Williams, a Welsh speaker from Waunarlwydd, who has spent much of his working life at Bangor University and is a longtime contributor to the rugby fansite Gwladrugby, certainly brings an academic rigour to his research but the book is not a dry and dusty research tome.

The structure of the game in Wales has been a botched mess made more difficult by the comparative lack of cash and worsened by the short-sightedness and self-interest of administrators and club diehards.

Williams tells how the Welsh representatives stormed out of a meeting with the top English clubs because they were only offered five places out of 20 in the two divisions of a planned Anglo-Welsh League way back in 1999.

That proved to be a massive misjudgement – Welsh rugby had strong and long-established links with the big English clubs, many of them just over the border in Gloucester, Bath and Bristol, and an Anglo-Welsh competition would have been a natural arena for them.

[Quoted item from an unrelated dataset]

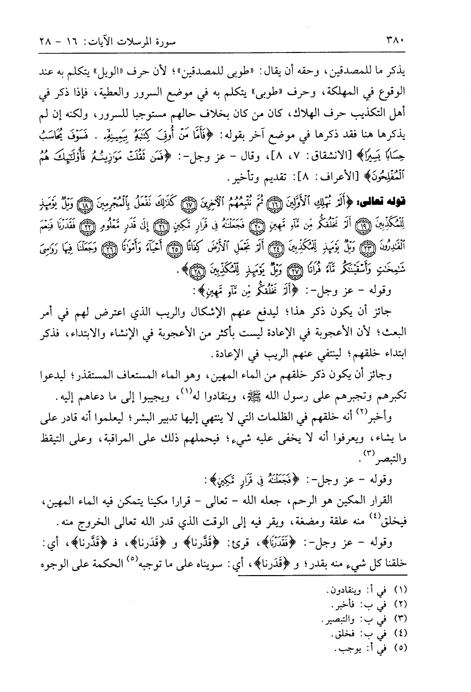 قوله تعالى: (أَلَمْ نُهْلِكِ الْأَوَّلِينَ (16) ثُمَّ نُتْبِعُهُمُ الْآخِرِينَ (17) كَذَلِكَ نَفْعَلُ بِالْمُجْرِمِينَ (18) وَيْلٌ يَوْمَئِذٍ لِلْمُكَذِّبِينَ (19) أَلَمْ نَخْلُقْكُمْ مِنْ مَاءٍ مَهِينٍ. فَجَعَلْنَاهُ فِي قَرَارٍ مَكِينٍ. إِلَى قَدَرٍ مَعْلُومٍ (22) فَقَدَرْنَا فَنِعْمَ الْقَادِرُونَ. وَيْلٌ يَوْمَئِذٍ لِلْمُكَذِّبِينَ (24) أَلَمْ نَجْعَلِ الْأَرْضَ كِفَاتًا (25) أَحْيَاءً وَأَمْوَاتًا (26) وَجَعَلْنَا فِيهَا رَوَاسِيَ شَامِخَاتٍ وَأَسْقَيْنَاكُمْ مَاءً فُرَاتًا (27) وَيْلٌ يَوْمَئِذٍ لِلْمُكَذِّبِينَ (28).

Instead the Welsh regions stumble along in the wake of the Irish, the Scots and the South Africans in the United Rugby Championship with few if any fans making the long journeys to watch their sides getting thrashed in Pretoria or Johannesburg – or Dublin or Glasgow.

Gatland has again woven his hard-nosed magic at international level, helped by a core of talented and committed players, but below that level life is far from rosy for the regions

It is a story of wasted years, missed chances and vicious infighting as David Moffett, the Kiwi who was Chief Executive Officer of the Welsh Rugby Union, recalls.

He said: “The Welsh are always at war with themselves. And you can see it now. It’s bizarre, because if they actually stopped to think, and said, ‘You know, we’re going to actually unite, as Welsh people,’ they’d be special. But it’s never going to happen.”

Intriguingly at least twice the idea of one of the four Welsh regions being based in North Wales has been proposed only to be swiftly booted into touch – it could have been similar to the way Ireland have nurtured the former rugby backwater of Connacht.

The team from Ireland’s north-west, a region best known for hurling and Gaelic football, currently sit proudly at the top of the United Rugby Championship while Wales’s best, the Ospreys, are tenth.

Seimon Williams clearly has a deep devotion to the game in Wales but he warns: “For Welsh rugby to survive, let alone thrive, it must break the unhealthy habit of 140 years and unite, at all levels.

“The difficulties of the past year could amount to no more than a pause before Wales disappears as a serious rugby nation. Or it could be the springboard from which we reset and revive.”

His book is a tremendous and thorough telling of Welsh rugby’s collision with the professionalising of the game, it is wonderfully thorough and he has spoken to very many influential and knowledgeable people.

Welsh Rugby: What Went Wrong? by Seimon Williams is published by Y Lolfa on Monday, November 20, price £9.99.